Since the S107 update, my Sling feature has not worked. I did a reset on the receiver and this has fixed all three things mentioned above. One thing I'm noticing on my phone is that the stream is widescreen and filling in the entire phone WITH MY TV TURNED ON. I previously was unable to do this with the phone. I do notice that the stream is being cropped on the left and right though. I've never really payed attention to this before, so I do know if this was previously the case. Changing the format and/or both the aspect ratio in the app doesn't anything pertaining to this.


----------



## satlover25

> SlingPlayer Mobile is compatible with all versions of the iPhone and iPod touch. You will need to purchase SlingPlayer Mobile from iTunes App Store and be reimbursed by DISH.
> Please note, only one SlingPlayer Mobile App credit per DISH Network account.


Hello, presently I have an iPod Touch and in the very near future I will have the Sprint Evo. I only have connectivity with my Touch via wireless. I would prefer to connect via the Evo's 3G (4G not available in my area) all the time. Has anyone used the Android app; and if so do you like what you see? Thanks.


----------



## olguy

satlover25 said:


> Hello, presently I have an iPod Touch and in the very near future I will have the Sprint Evo. I only have connectivity with my Touch via wireless. I would prefer to connect via the Evo's 3G (4G not available in my area) all the time. Has anyone used the Android app; and if so do you like what you see? Thanks.


I have the app on my HTC Hero and it works okay. And sometimes it works better at home via my wireless than Sprint. But yeah, in my opinion it's worth the money.


----------



## harsh

phrelin said:


> My computer screen is 16:9.


Most computer screens are actually 16:10. This doesn't explain or justify this problem, but I wanted to make sure we're all on the same page.

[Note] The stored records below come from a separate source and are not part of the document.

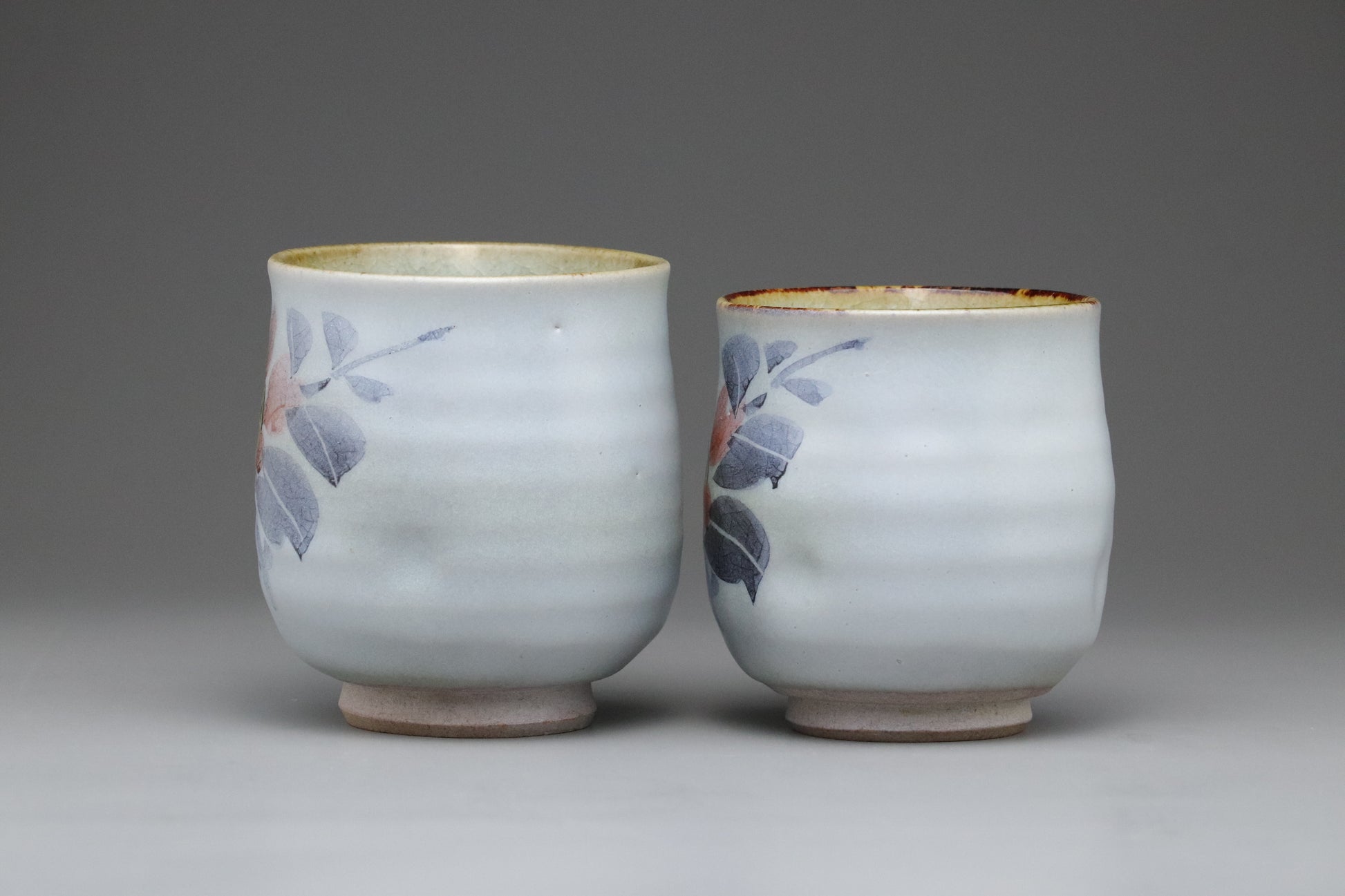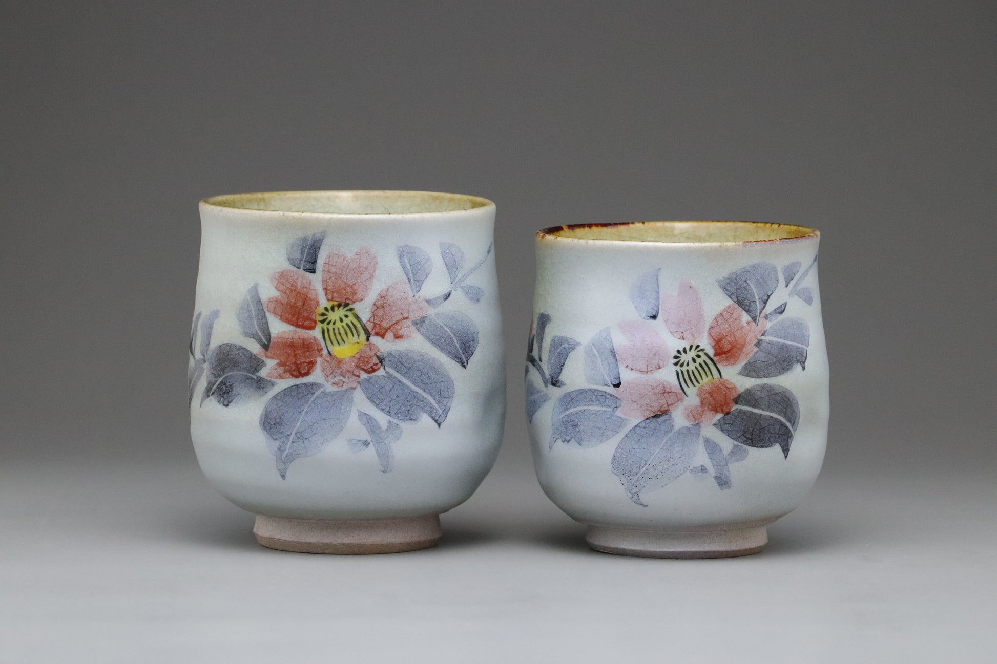 Kutani Ware Yunomi Pair – Hand-Painted Japanese Porcelain Tea Cups with Floral Design – Traditional Kutani Pottery – Made in Japan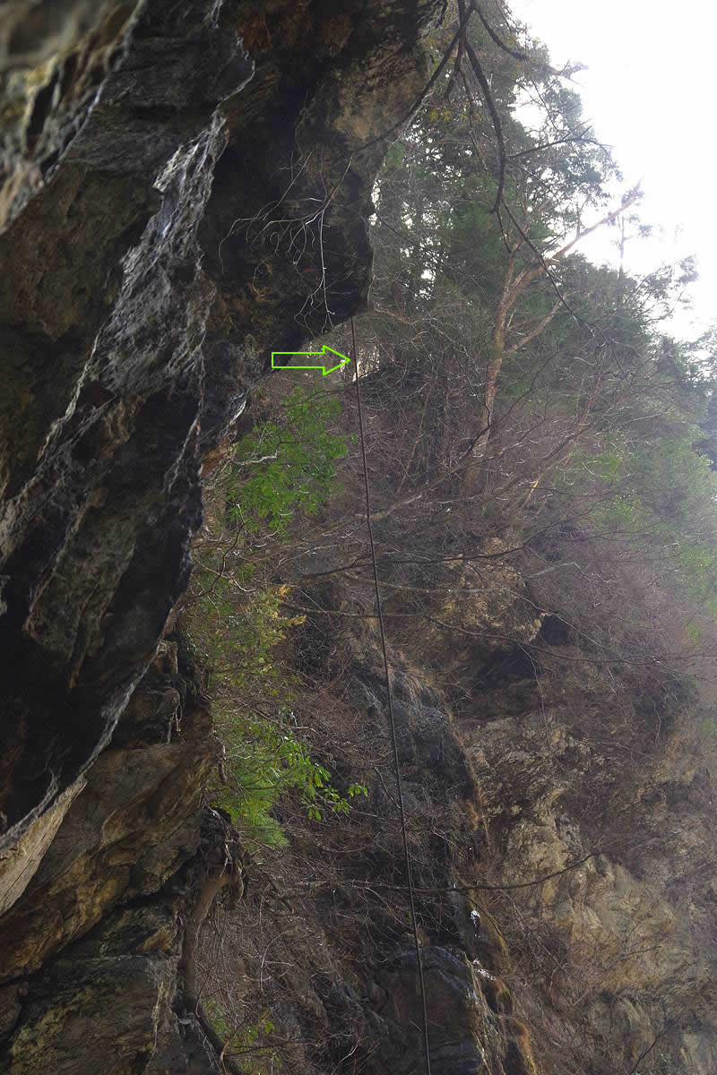 些かの容赦もなく、オーバーハングの拒絶を見せる観音経の崖壁のただ中にぽっかりと口を開ける姿は、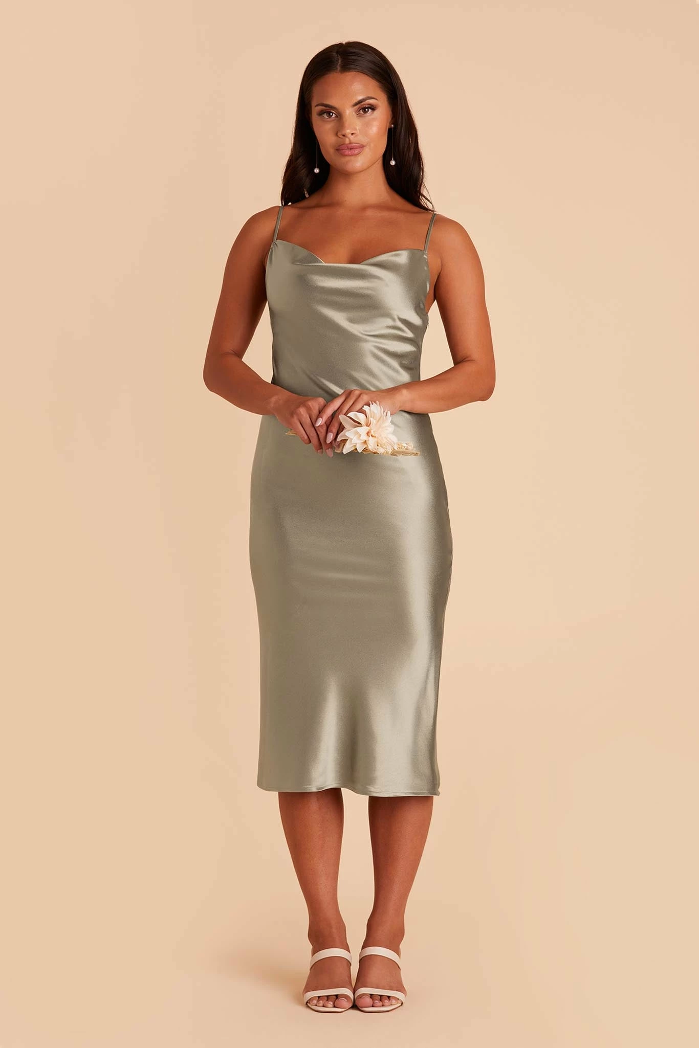 Be the first to review “Lisa Shiny Satin Midi Dress – Moss Green” Cancel reply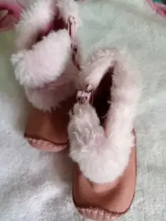 Botin rosa para bebe #11, color rosa , peluche por fuera con un moñito muy coqueto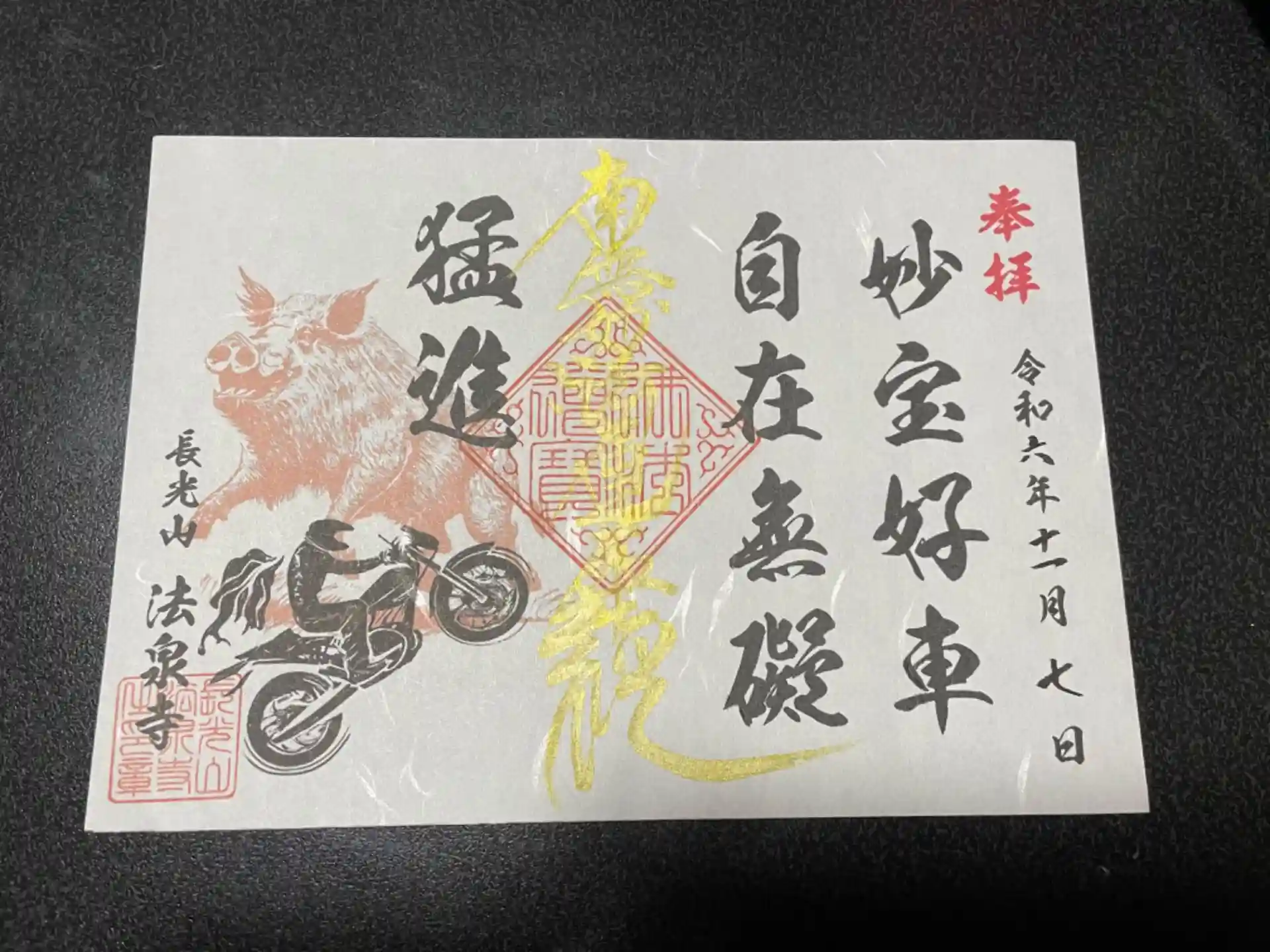 バイクで参拝される方も多いようで猪とバイクの御主題が珍しいと思いました。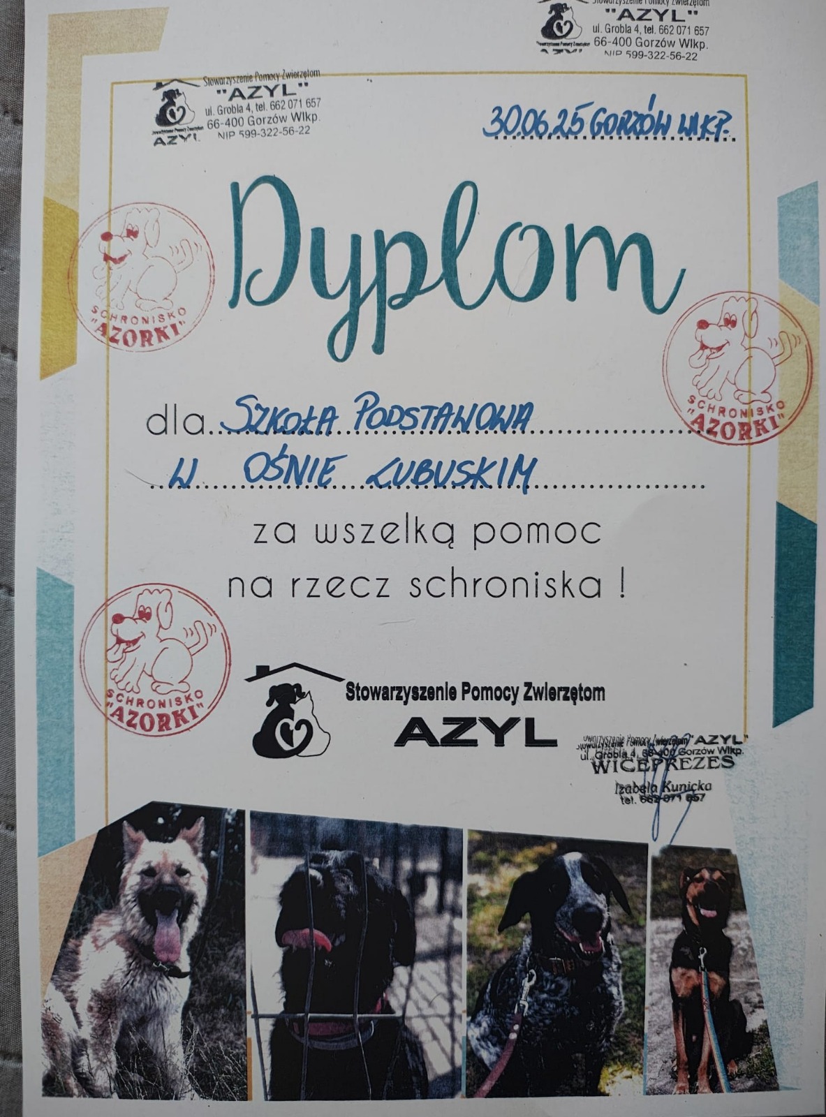 W porozumieniu z rodzicami dzieci zorganizowały akcję „Zamiast kwiatka – paczka dla zwierzaczka”. Wychowawczyni, pani Anna Molsa, skontaktowała się ze Stowarzyszeniem Pomocy Zwierzętom AZYL, które prowadzi schronisko „Azorki” w Gorzowie Wielkopolskim. Pracownicy byli mile zaskoczeni pomysłem młodzieży i wskazali, co przydałoby się aktualnie w schronisku. I tak 27 czerwca uczniowie zakończyli rok szkolny 2024/2025 i jednocześnie podarowali ogromną porcję wartościowej karmy dla psów i kotów w gorzowskim schronisku. Warto dodać, że do inicjatywy klasy IV a dołączyli też uczniowie i wychowawcy innych klas, dzięki czemu zbiórka błyskawicznie się powiększyła. 30 czerwca dary trafiły do Azorków. Pracownicy byli zaskoczeni hojnością i dobrym sercem naszych uczniów.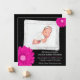 Anuncie el nacimiento de su hija con estilo con este anuncio de la foto de la bebé glamurosa. Con un patrón de puntos polka en blanco y negro y gráficos de margarita rosada caliente. ¡Fácilmente personalizar con tu información! Los diseños son ilustraciones/gráficos impresos planos - no el brillo real del purpurina de diamantes. LA FOTO DE LA MUESTRA NO ESTÁ INCLUIDA. SUSTITÚYASE CON SU PROPIA FOTO ANTES DE PEDIRLA.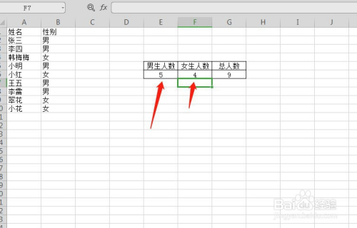 这样男生的人数就显示在选中的单位格里面,同理统计出女生的数目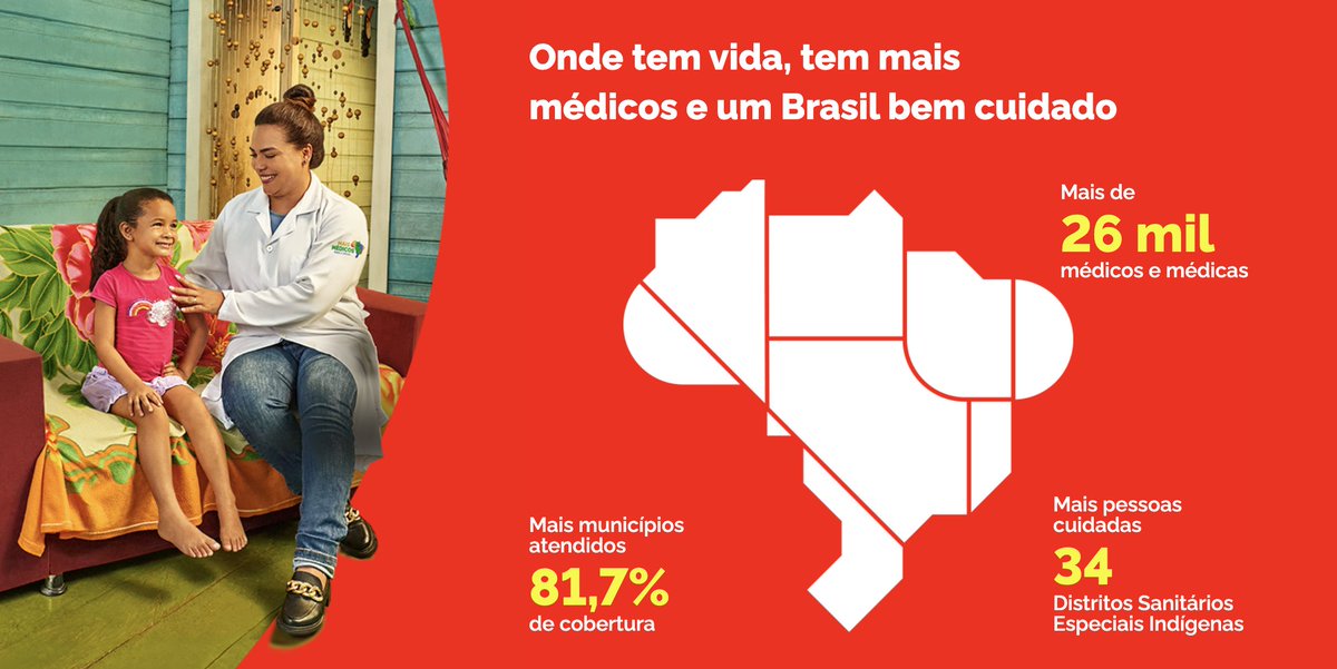Quando assumimos a atual gestão, o Mais Médicos tinha 13,7 mil profissionais em atuação. Hoje tem o dobro: 26,8 mil. Nossos médicos estão atuando nas áreas onde há maior vulnerabilidade social. Também ampliamos a presença em territórios indígenas.

I suspect the problem has something to do with what represents an integer divisor of the original picture matrix size. Scaling a little larger may introduce some serious aliasing issues that these hand-held devices can't compensate for.


----------



## jikhead

satlover25 said:


> Hello, presently I have an iPod Touch and in the very near future I will have the Sprint Evo. I only have connectivity with my Touch via wireless. I would prefer to connect via the Evo's 3G (4G not available in my area) all the time. Has anyone used the Android app; and if so do you like what you see? Thanks.


For the most part, it works fine for me. You occasionally get some hickups here and there in the connection stream but I think that's to be expected. I sat at the dealership a few weeks ago waiting on my car and used it for about 45 minutes straight and pulled up some DVR shows to watch while I waited. I live in Little Rock, AR which is former Alltel HQ and I'm on VW. So I have a pretty solid 3G area with this being Alltel's backyard. The only issue I have with using it is that is really sucks battery usage. That 45 minutes of usage was almost half the battery life on a standard battery.


----------



## PhantomOG

jikhead said:


> *UPDATE:*
> 
> I've got it figured out and this may be the problem you are having as well. As I was writing this above, I tested it again but this time it was back to the way it was last night. At first I thought maybe it's the difference between wifi and 3G...nope. So the only thing different was I was also watching on my TV; where as when in my car on the way home the TV was off. So I tested this and this is definitely the cause. So I guess when your TV is on, it has control of the HD signal in the box and your Slingplayer will only get SD. When the TV is off and nothing else controlling the box, you can turn your Slingplayer on the phone and get the full HD screen on the phone. I did have to change the auto screen option to widescreen, the 3rd option in the little popup in the screen. Give this a test on yours and let me know.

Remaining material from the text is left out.